Emiliano ha concluso ribadendo il sostegno della Regione e della città di Bari al lavoro della relatrice ONU: «Difendere chi si batte per i diritti umani significa difendere noi stessi e la nostra idea di giustizia».

«Sono onorata di ricevere queste chiavi e vi assicuro che le userò». Con queste parole Francesca Albanese, relatrice speciale delle Nazioni Unite per i Territori palestinesi occupati, ha accolto il riconoscimento conferitole dal sindaco Vito Leccese. Un gesto simbolico, ma dal forte significato politico e civile, per una figura che negli ultimi mesi è finita nel mirino delle autorità statunitensi, subendo sanzioni senza precedenti per presunta promozione di una campagna politica ed economica contro Stati Uniti e Israele.

Albanese ha sottolineato la portata di quelle misure, definite «non un atto simbolico» ma provvedimenti concreti capaci di isolare e interrompere relazioni personali e istituzionali. «Sono tecniche di intimidazione mafiose – ha denunciato – ma so come reagire: schiena dritta, testa alta e unità.
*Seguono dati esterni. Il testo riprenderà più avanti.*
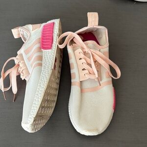 Stylish adidas sneakers with a pink and white design. Comfortable and trendy for everyday wear.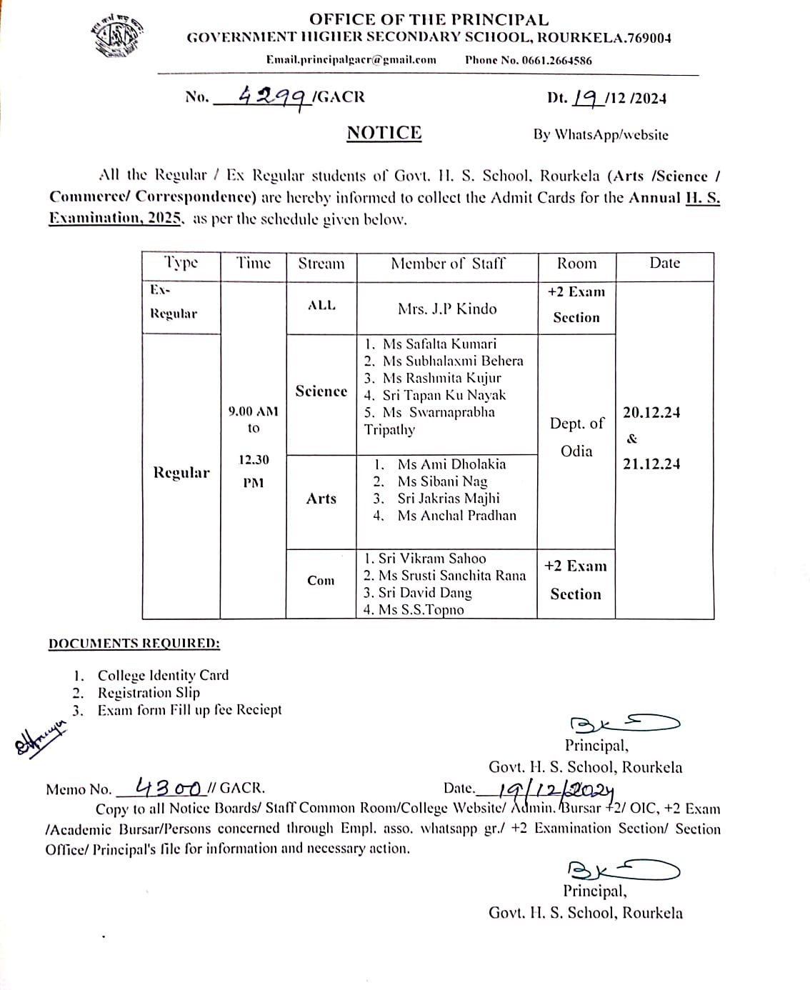 Notice for all the Regular & Ex Regular Students of GHSSR to collect their AHSE, 2025 Admit Cards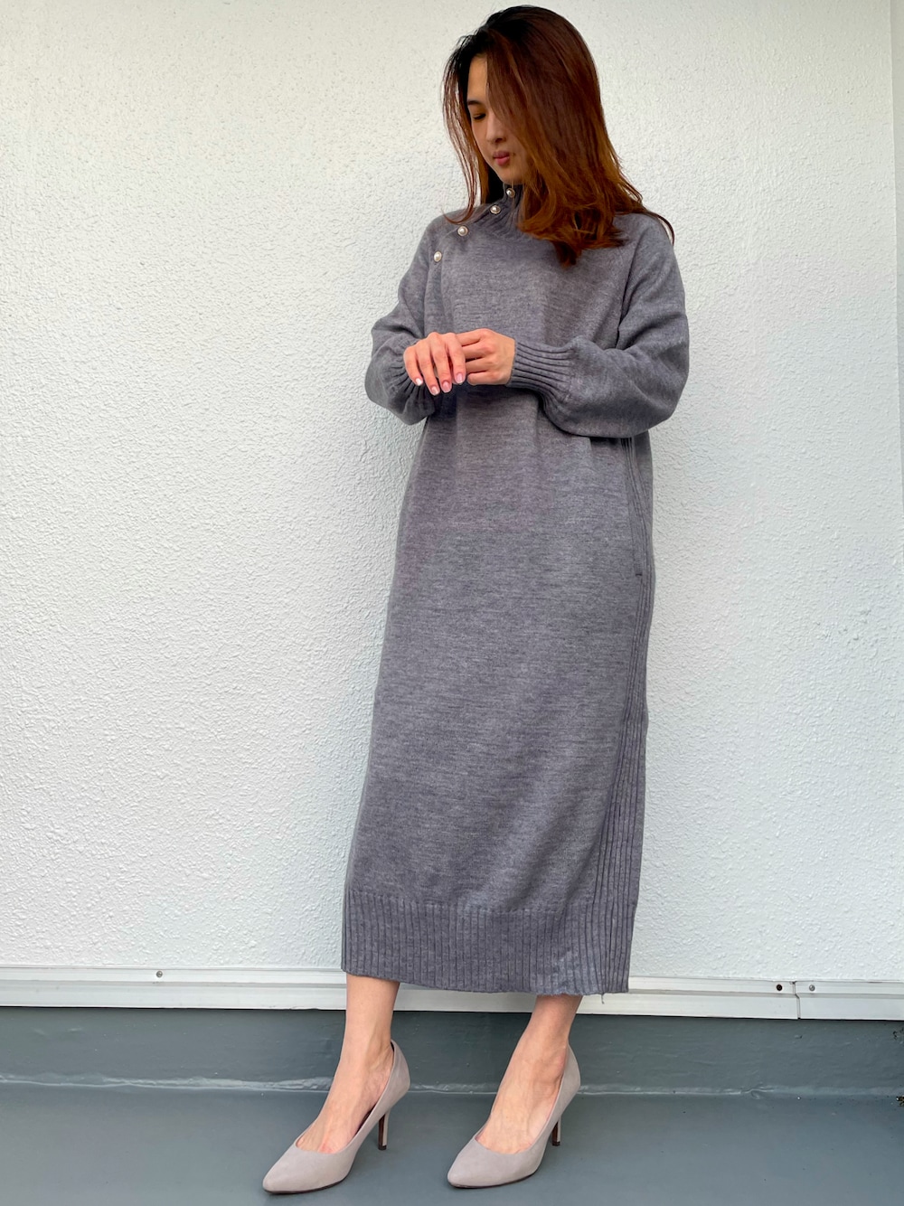 ☀️おはようございます♪ 本日はワンピースコーデ👗 🥰体型カバーとスタイルアップが同時に叶うコクーンシルエットのハイネックニットワンピース。 🥳首元は斜めボタンデザインで、いろんな着こなし方を楽しめるリブ切替のハイネック。 ご覧いただきありがとうございました。いいね、お気に入り、フォローお願いします🤲。

È l’unico modo per resistere».

Rivolgendosi alla platea, la relatrice ONU ha ricordato le sue radici meridionali e l’esperienza diretta nel conoscere la lotta contro la criminalità organizzata. «Da figlia del Sud – ha detto – so bene quali siano le ferite provocate dalla mafia. La lezione che arriva da Puglia, Bari o Sicilia è chiara: alla mafia si resiste insieme, senza piegarsi».

Il suo intervento si è poi spostato sulla questione palestinese, definita «una cartina di tornasole del futuro che ci attende in assenza di legalità». Ha puntato il dito contro la responsabilità del governo italiano, accusato di mantenere il sostegno a Israele nonostante le richieste di sospendere il memorandum d’intesa. «Giuristi e avvocati hanno presentato un atto di diffida formale – ha ricordato – ma il governo continua nella stessa direzione».

Per Albanese, la priorità è «un risveglio delle coscienze» e un sostegno concreto alle iniziative volte a ripristinare la legalità, anche attraverso azioni giudiziarie. Ha concluso con un richiamo netto: «Il genocidio è un crimine riconosciuto anche dall’Italia. Non possiamo ignorarlo».